2. sort the index tuples in the spool according to the bucket number to which they should belong. This results in
accessinga bucket once and only once.  
 

3. For (2) to work, we need an estimate of the number of buckets. This is done.

4. After sorting the index tuples, insert them into hash in bucket order. 

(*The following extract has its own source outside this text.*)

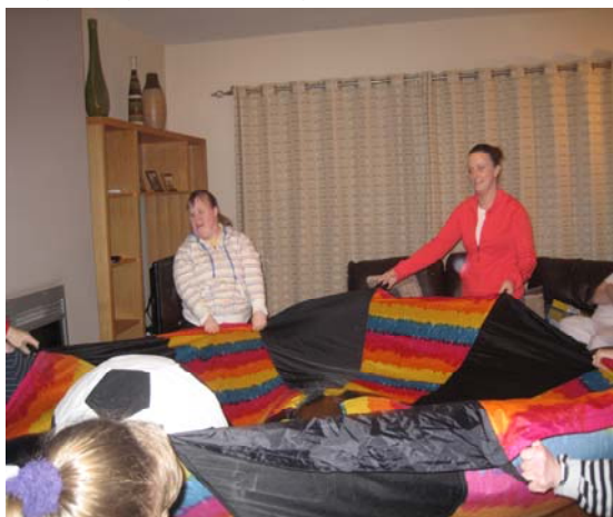
Participants taking part in Parachute games Residential activity sessions around Carlow Town

Sports Inclusion Disability Officer and management of the Delta Centre organised a pilot initiative with three residential houses around Carlow Town. The disability officer attended each house one evening a week for one hour delivering activities. The pilot is due to finish in early April. Activities that individuals participated in included; chair aerobics, modified toning exercise, new age kurling, target throwing, etc.

Our challenge: we need to determine the final bucket number for the itup (index tuple). 

1. to do the above, we need to apply a mask to the hash value of the index tuple. first, we calculate the hash value of
theindex tuple. then, we calculate the mask using:
 

(1 << (ceiling(log 2 (Estimate of buckets needed))))-1

So, if we need 6 buckets, the mask would be 7 or binary 111.  If we needed 100 buckets, the mask would be 127 or binary
1111111.  If we AND this mask to the hash of the key, we only recognize the least   sig. bits needed to do the
compare.

A 32 bit hash value may look like:  10110101001010101000010101010101

Let's say we just need 6 buckets, apply the mask 111 and we get:

10110101001010101000010101010101 (the hash value of the key)  
00000000000000000000000000000111 (the mask &)--------------------------------  
00000000000000000000000000000101 (the resulting bucket number = 5)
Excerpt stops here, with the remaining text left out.